INTRAKAROTIDNY MEDICINAL THERAPY

From Big Medical Encyclopedia

INTRAKAROTIDNY MEDICINAL THERAPY (Latin intra inside + carotis, caroti [dis] carotid artery; Greek therapeia treatment) — the method of treatment consisting in administration of medicinal substances in carotid arteries for more effective impact on various pathological processes (inflammations, infections, malignant new growths) which are localized in a brain, the head and a neck.

And. l. t. after single introduction by R. Lerish (1913) antitetanic serums in a carotid artery long time it was applied extremely seldom.

In days of the Great Patriotic War of H. N. Burdenko (1942) for the first time began to administer intrakarotidno the sulfanamide drugs, penicillin at meningoentsefalita, abscesses of a brain for the purpose of leading of medicine directly to patol, to the center and creations in it the maximum concentration of drug (deep antiseptics of fabrics). In wartime and in the first post-war years Burdenko's method gained further theoretical justification and practical development and was widely used for treatment of purulent and inflammatory diseases of a brain, at stump neuralgias, epilepsy, a severe craniocereberal injury, gnoynoseptichesky diseases of the person and a pilar part of the head. In process of accumulation of practical experience and scientific generalizations of the indication made on this basis for And. l. t. became more accurate and limited.

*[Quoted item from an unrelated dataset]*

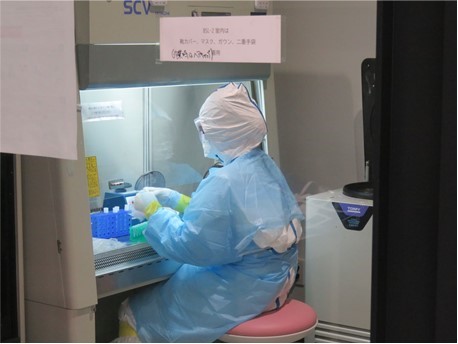 検査にあたっては、学内施設の安全対策を施した試験室で、マスク・防護服の着用など万全なリスク管理のもと作業を行っています。
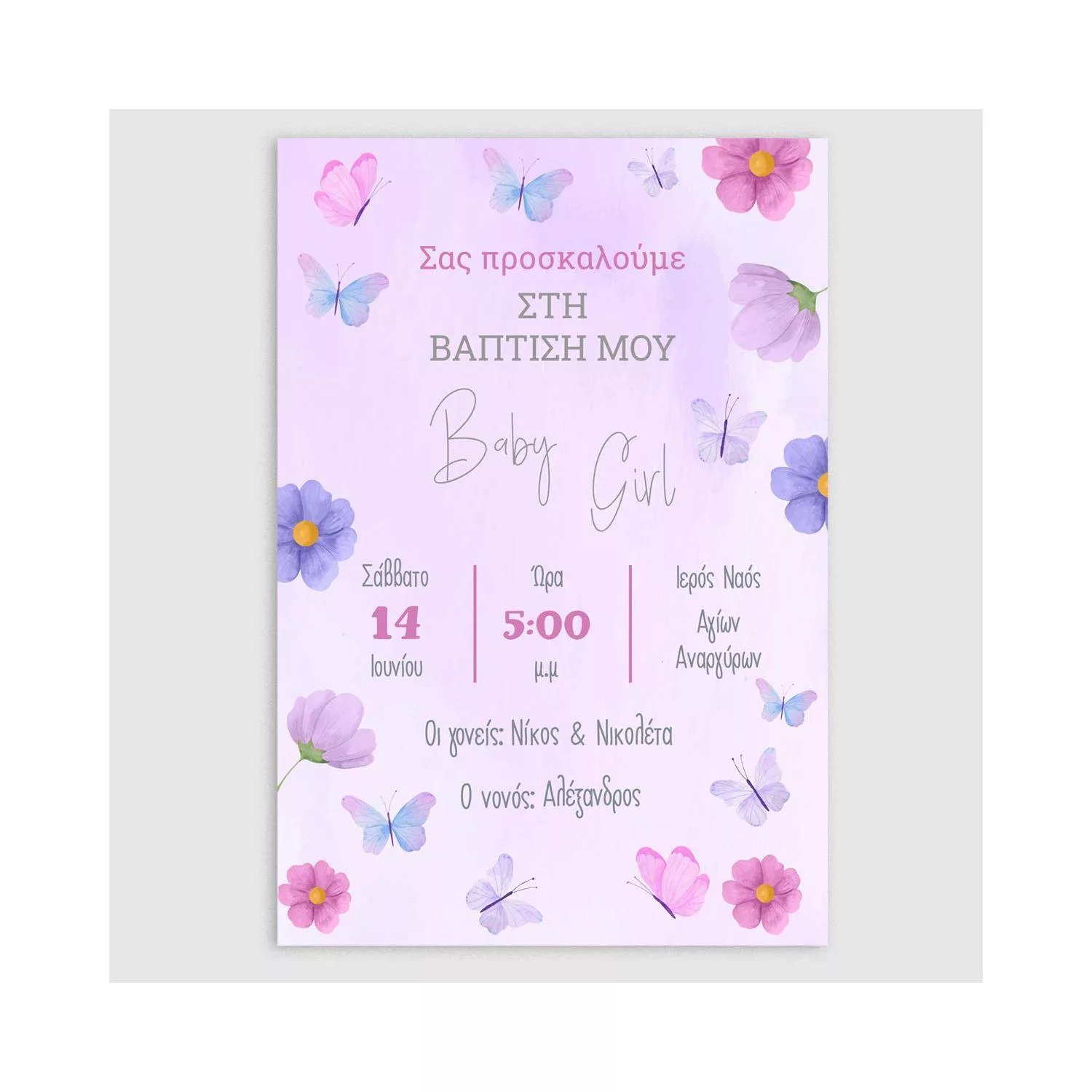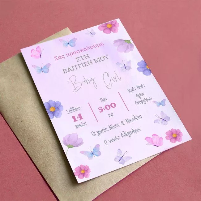 Party invitation Butterflies and flowers purple

Intrakarotidny administration of medicinal substances is often applied to create if necessary quickly rather high concentration to lay down. drug in patol, the center. Further maintenance to lay down. concentration of drugs is reached in such cases in other ways of their introduction.

And. l. t. by antineoplastic himiopreparata it is applied also to the combined treatment of malignant new growths of a brain, area of the head and a neck.

To lay down. drugs enter into one of carotid arteries or its branch by method of a transdermal puncture a special needle or through the catheter entered into an artery after its operational exposure. For catheterization of an outside carotid artery use superficial temporal, front front or upper thyroid arteries. Catheterization of an internal carotid artery can be made through an upper thyroid artery. The choice of the punktiruyemy or catheterized vessel and a method of carrying out And. l. t. depend on localization and character patol, process; carry out And. l. t. one-time fractional or continuous infusion in one or both carotid arteries.

There is a number of the features limiting an opportunity and efficiency of use of a method: difficulties of overcoming a blood-brain barrier for a number of chemotherapeutic substances, variability of blood supply both all brain, and the struck its sites, impossibility of isolation of cerebral circulation from the general blood-groove, hit of drugs in other systems and bodies, features of distribution of drug depending on the provision of a catheter in a carotid artery, and also such possible complications as a spasm and thrombosis of vessels, a local infection, occlusion of a catheter, developing of bleedings with formation of hematomas of a neck.



Bibliography: Alexandrov H. N and Knotty L. S. Penicillinic epilepsy and the choice of a route of administration of an antibiotic at open injuries of a skull, Minsk, 1966, bibliogr.; Burdenko H. H. Experience of use of penicillin through A. carotis, Surgery. No. I, page 19, 1945; Gasparyan S.A., Ostroverkhov G. E. and Trapeznikov H. H. A regional long vnutriarterialna I am chemotherapy of malignant tumors, M., 1970, bibliogr.; Paches A. I., etc. Regional intra arterial chemotherapy of malignant tumors of the head and neck, M., 1974, bibliogr.; Regional chemotherapy of malignant tumors, under the editorship of G. E. Ostroverkhov and H. N. Trapeznikova, page 26, M., 1967; Creech O. Intra-arterial chemotherapy for recurrent neoplasms, J. Amer. med. Ass., v. 200 p. 983, 1967; Wilson of Page B. Hoshi-n o T. Current trends in the chemotherapy of brain tumors with special reference to glioblastomas, J. Neurosurg., v. 31 p. 589, 1969.